[Source material Boundary: Start]

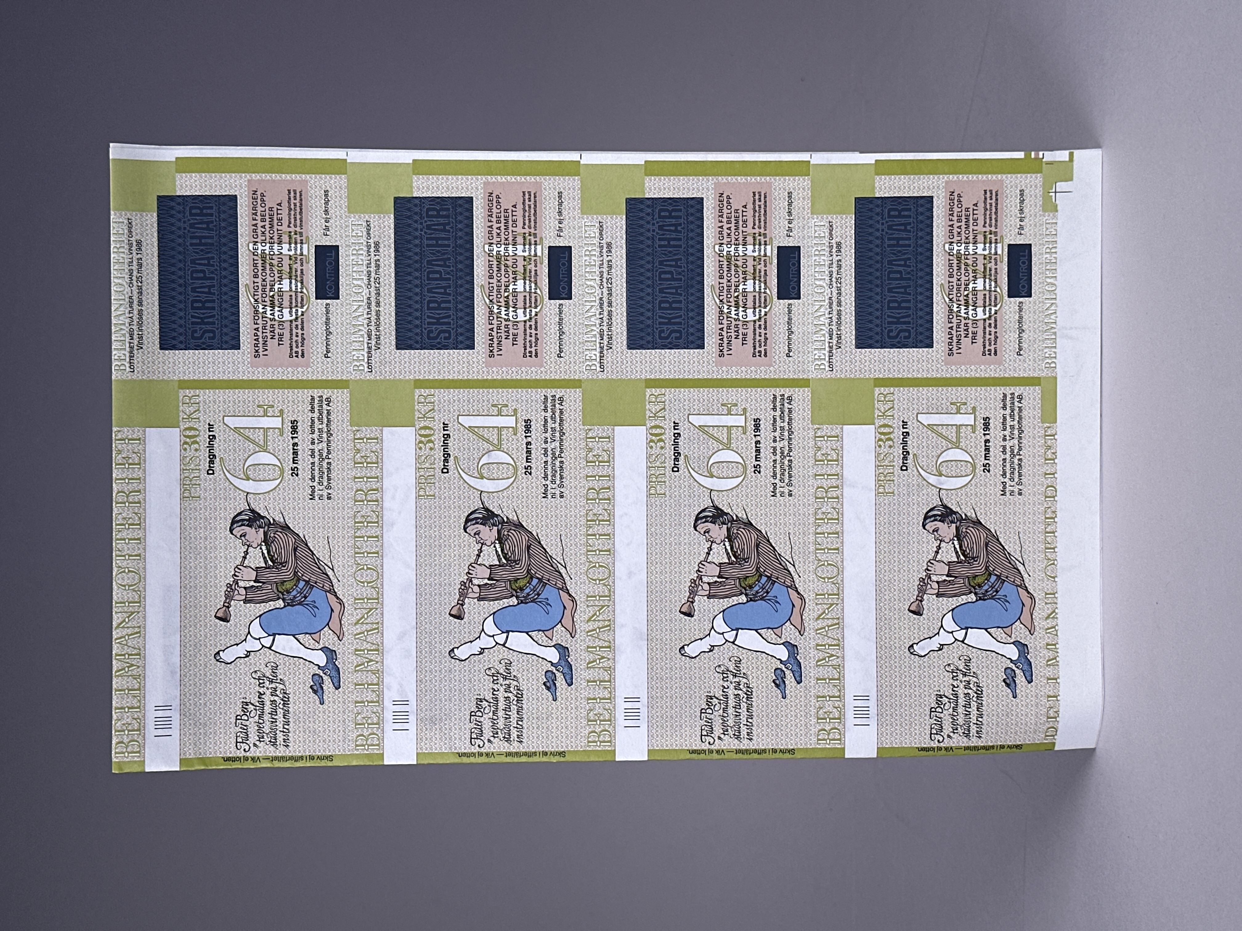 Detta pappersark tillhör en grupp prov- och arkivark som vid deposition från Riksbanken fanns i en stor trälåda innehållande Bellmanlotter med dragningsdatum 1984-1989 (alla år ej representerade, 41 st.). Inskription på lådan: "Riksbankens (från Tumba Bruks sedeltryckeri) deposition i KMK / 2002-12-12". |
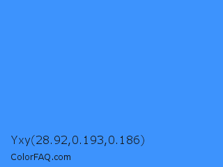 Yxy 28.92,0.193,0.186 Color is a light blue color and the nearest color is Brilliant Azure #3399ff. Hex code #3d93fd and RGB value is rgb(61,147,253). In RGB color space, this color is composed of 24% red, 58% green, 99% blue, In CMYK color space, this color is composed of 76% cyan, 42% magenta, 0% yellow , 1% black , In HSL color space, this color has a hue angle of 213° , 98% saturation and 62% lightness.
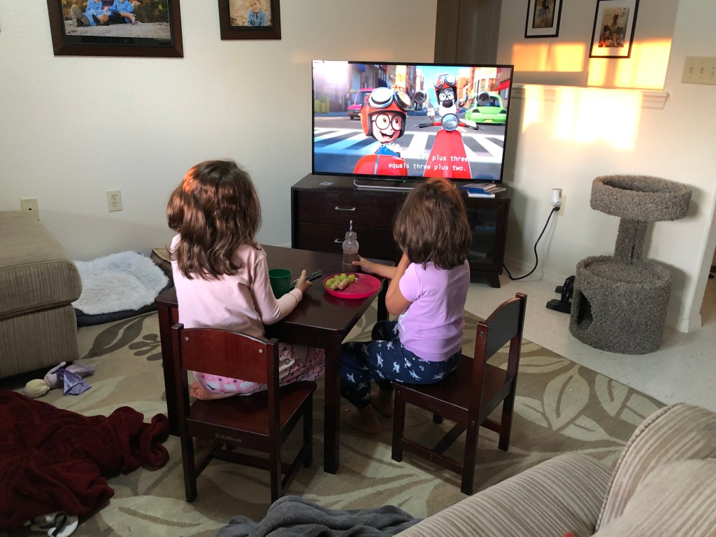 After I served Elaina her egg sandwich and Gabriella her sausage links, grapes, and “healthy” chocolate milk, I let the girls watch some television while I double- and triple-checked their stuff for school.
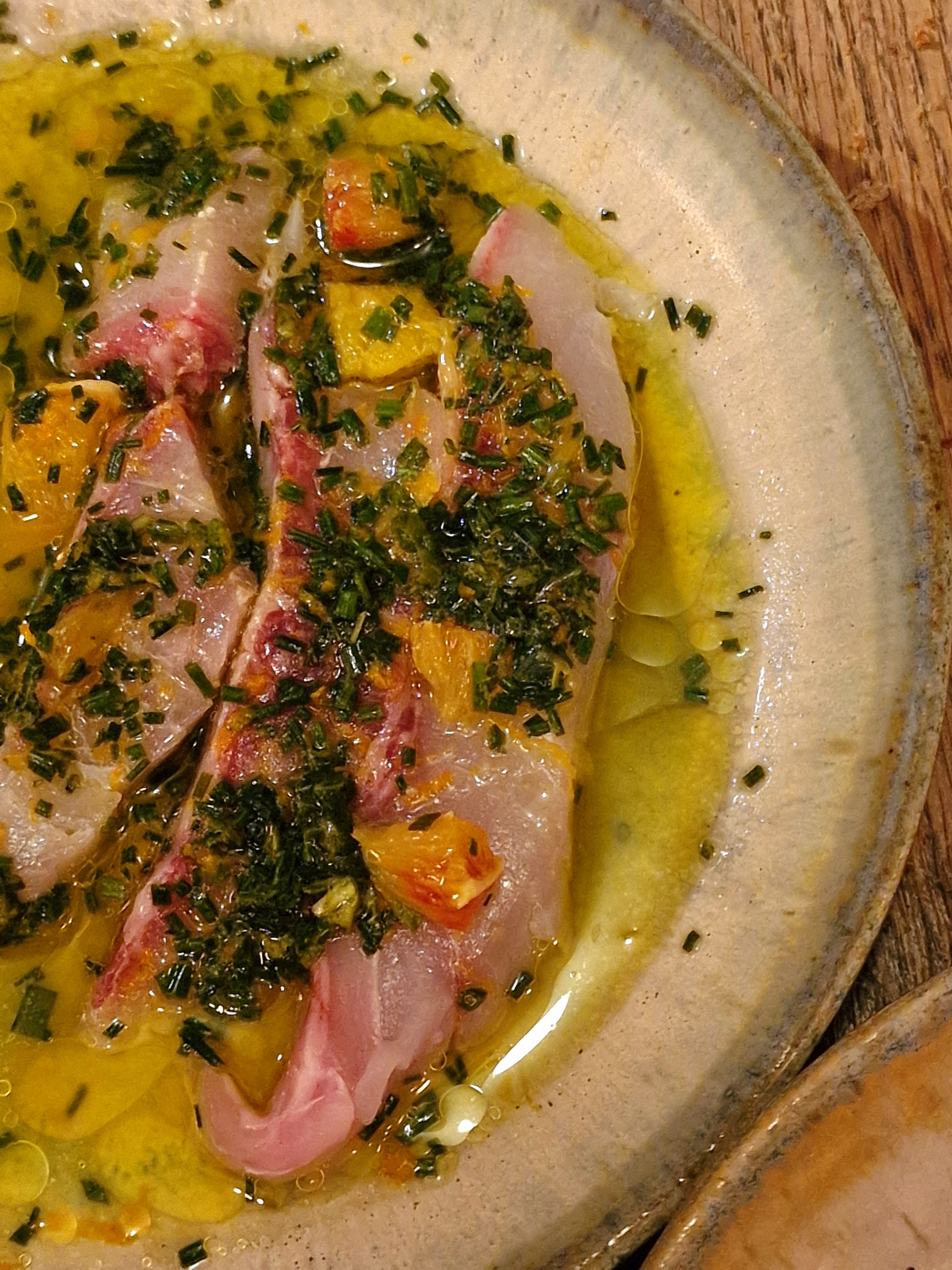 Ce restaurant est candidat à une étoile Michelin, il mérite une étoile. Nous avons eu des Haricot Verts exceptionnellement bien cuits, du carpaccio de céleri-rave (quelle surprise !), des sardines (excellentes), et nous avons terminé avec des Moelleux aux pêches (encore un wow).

[Source material Boundary: End]

Exercise brief:
Rewrite the data above exactly as given, but omit the images.

Response to the exercise:
 Detta pappersark tillhör en grupp prov- och arkivark som vid deposition från Riksbanken fanns i en stor trälåda innehållande Bellmanlotter med dragningsdatum 1984-1989 (alla år ej representerade, 41 st.). Inskription på lådan: "Riksbankens (från Tumba Bruks sedeltryckeri) deposition i KMK / 2002-12-12". |
 Yxy 28.92,0.193,0.186 Color is a light blue color and the nearest color is Brilliant Azure #3399ff. Hex code #3d93fd and RGB value is rgb(61,147,253). In RGB color space, this color is composed of 24% red, 58% green, 99% blue, In CMYK color space, this color is composed of 76% cyan, 42% magenta, 0% yellow , 1% black , In HSL color space, this color has a hue angle of 213° , 98% saturation and 62% lightness.
 After I served Elaina her egg sandwich and Gabriella her sausage links, grapes, and “healthy” chocolate milk, I let the girls watch some television while I double- and triple-checked their stuff for school.
 Ce restaurant est candidat à une étoile Michelin, il mérite une étoile. Nous avons eu des Haricot Verts exceptionnellement bien cuits, du carpaccio de céleri-rave (quelle surprise !), des sardines (excellentes), et nous avons terminé avec des Moelleux aux pêches (encore un wow).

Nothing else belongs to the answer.